Spending hours on a computer, phone, or tablet without breaks can cause digital eye strain, which frequently produces headaches. The issue isn’t just brightness. Your eyes are constantly refocusing on the tiny pixels that make up on-screen text, and that continuous micro-adjustment strains the muscles around your eyes. The result is aching pain behind the eyes, often accompanied by neck and shoulder stiffness from hunching toward the screen.

If your headaches tend to build during or after long stretches of screen use, the fix is straightforward: take a break every 20 minutes, look at something far away for 20 seconds, and make sure your screen is at arm’s length with the top of the display at or slightly below eye level. Adjusting screen brightness to match the ambient light in the room also helps.

Food and Chemical Triggers

Certain foods contain chemicals that can activate pathways in the brain leading to blood vessel widening, inflammation, or shifts in brain signaling. Cured and processed meats like hot dogs, bacon, and deli meat contain nitrates and nitrites, preservatives that dilate blood vessels and trigger headaches in sensitive people. Aged cheeses, fermented foods, and red wine contain a compound called tyramine that can have similar effects. Alcohol more broadly is a trigger, partly through dehydration and partly through its direct effects on blood vessels.

Not everyone is sensitive to the same foods. If you suspect dietary triggers, keeping a food diary alongside a headache log for a few weeks can help you identify patterns specific to you.
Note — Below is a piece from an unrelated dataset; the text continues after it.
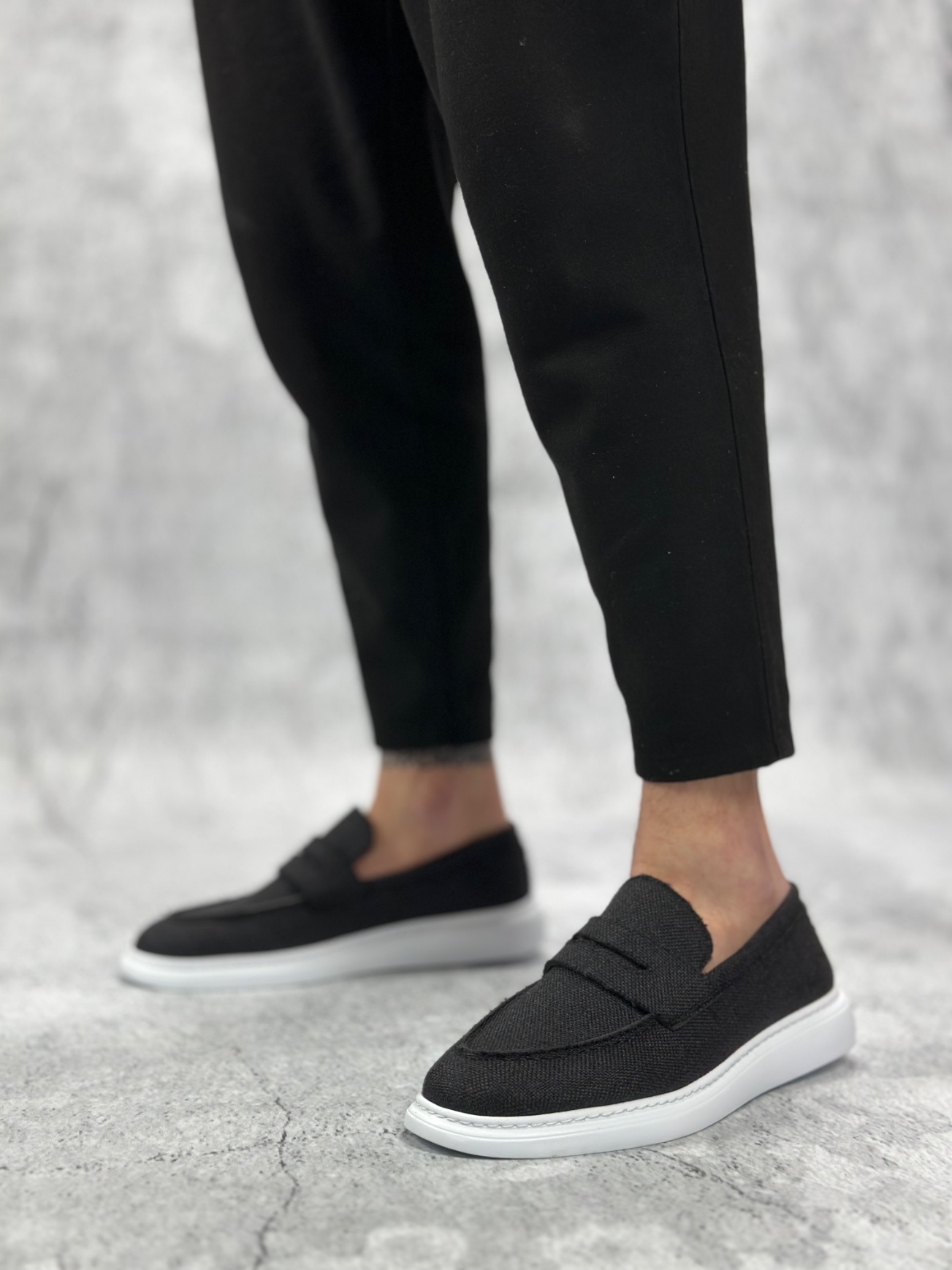 MirgeShoes Siyah Bağcıksız Erkek Klasik Loafer Ayakkabı Keten Tekstil BYZ Taban MRG010602673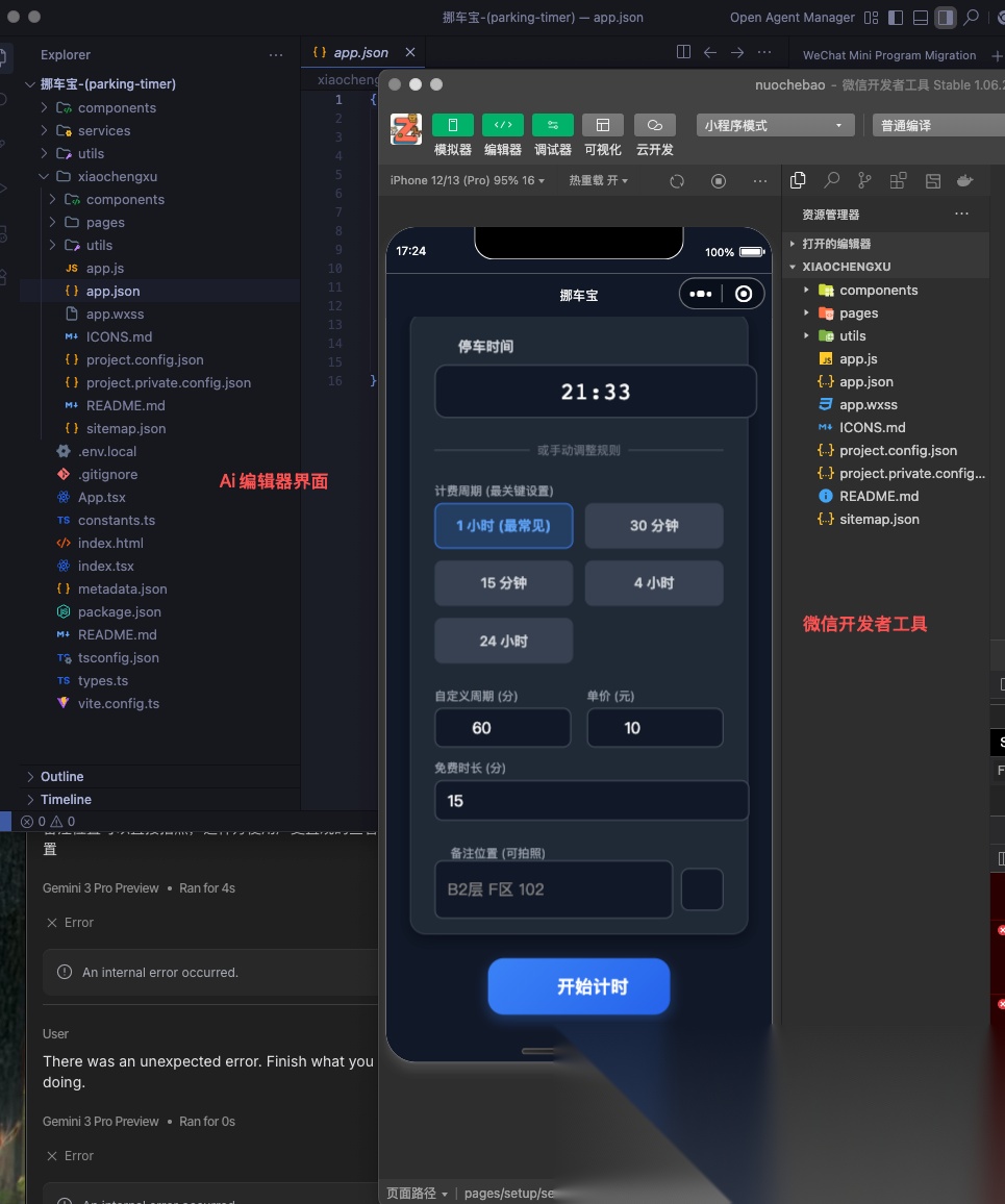 这样的话,你就可以一边在 AI 编辑器里口述修改,另一边在微信开发工具上实时预览效果。

When Frequent Headaches Signal Something Else

The vast majority of recurring headaches are not dangerous. But certain features suggest that a headache may be caused by an underlying medical condition rather than being a primary headache disorder.

  • Sudden, explosive onset. A headache that reaches maximum intensity within seconds, sometimes called a thunderclap headache, can indicate a vascular problem like an aneurysm. This warrants immediate emergency evaluation.
  • New headaches after age 50. A person who has never had frequent headaches and develops them for the first time after 50 is more likely to have a secondary cause.
  • Neurological symptoms. New weakness in an arm or leg, unusual numbness, or vision changes alongside a headache are not typical of tension headaches or migraines (with the exception of migraine aura, which follows a predictable pattern).
  • Fever, night sweats, or weight loss. These systemic symptoms alongside new headaches suggest an infection, inflammation, or other medical process.
  • Headaches that change with position. Pain that gets significantly better or worse when you stand up, lie down, or strain (coughing, bearing down) can point to a pressure issue inside the skull.
  • Steady worsening over weeks. Primary headaches tend to fluctuate. A headache pattern that is clearly and progressively getting worse over time is more concerning.

Very high blood pressure can also cause severe headaches. This typically happens during a hypertensive crisis, when blood pressure reaches 180/120 or higher. At that level, headache is just one of several symptoms and the situation requires urgent medical attention.

For most people, frequent headaches come down to one or more manageable factors: stress, sleep, hydration, screen habits, hormones, or medication overuse. Tracking your headaches for a few weeks, noting when they happen, what you ate, how you slept, and what you were doing, often reveals a pattern that points directly to the cause.